Bush regresa a EEUU con compromiso de presionar para lograr ley migratoria

MÉRIDA, MÉXICO.- El presidente de los Estados Unidos, George W. Bush, reiteró hoy, al término de su visita a México, su compromiso de presionar para que el Congreso de su país saque adelante una ley de inmigración "que respete la justicia, pero también sea humana".

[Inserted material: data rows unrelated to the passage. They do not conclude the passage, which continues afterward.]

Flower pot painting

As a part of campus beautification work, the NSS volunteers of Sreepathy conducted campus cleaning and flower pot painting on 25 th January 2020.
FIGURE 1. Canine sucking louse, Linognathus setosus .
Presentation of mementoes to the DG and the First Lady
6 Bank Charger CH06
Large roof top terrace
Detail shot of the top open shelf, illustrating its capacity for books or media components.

Bush concluyó hoy una visita de un día y medio a Mérida (México), en la que se reunió con su colega Felipe Calderón y con la que puso fin a una gira por cinco países de América Latina.
La reforma migratoria pendiente en Estados Unidos fue sido la gran protagonista de la etapa mexicana del mandatario estadounidense, que también abordó con Calderón asuntos como los intercambios comerciales, la lucha contra el narcotráfico o la educación.

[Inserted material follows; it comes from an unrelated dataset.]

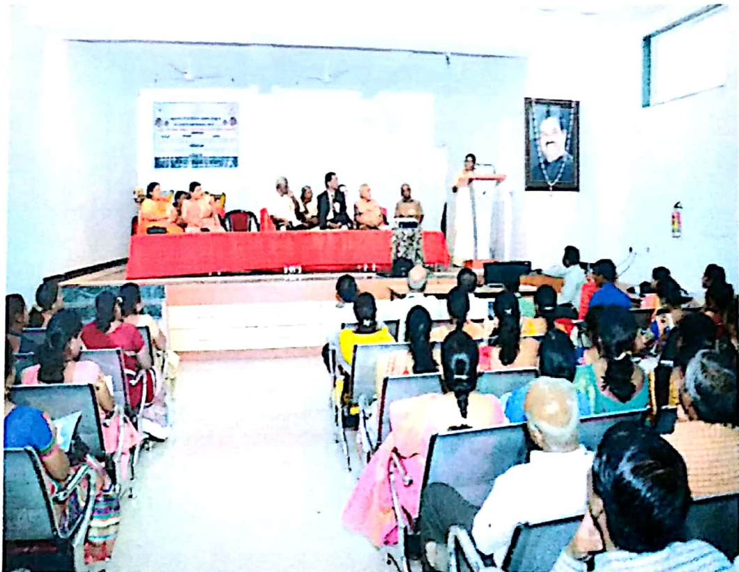
Audience with enthusiasm
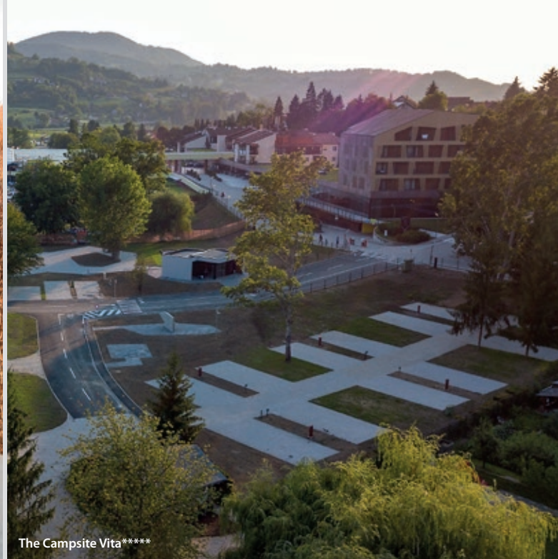
The Campsite Vita*****

En una declaración conjunta, Bush y Calderón reconocieron que la migración a lo largo de la frontera compartida "implica una responsabilidad conjunta y representa uno de los asuntos más críticos para el futuro bienestar de sus ciudadanos".
Según ambos líderes, es necesario "propiciar inversiones productivas y más empleos y mejor pagados en México".
El jefe de la Casa Blanca es partidario de una reforma que incluya un programa de trabajadores temporales, para regularizar la situación de la mayoría de los doce millones de inmigrantes ilegales que se considera viven en Estados Unidos.
Un intento de reformar la ley de inmigración quedó bloqueada en el Congreso el año pasado, ante las divisiones de la mayoría republicana.
Ahora con una mayoría demócrata en el Legislativo que asegura que hará de la reforma una de sus prioridades para este año, Bush aseveró en una rueda de prensa conjunta que se siente "optimista" de poder sacar adelante la ley, quizá para agosto.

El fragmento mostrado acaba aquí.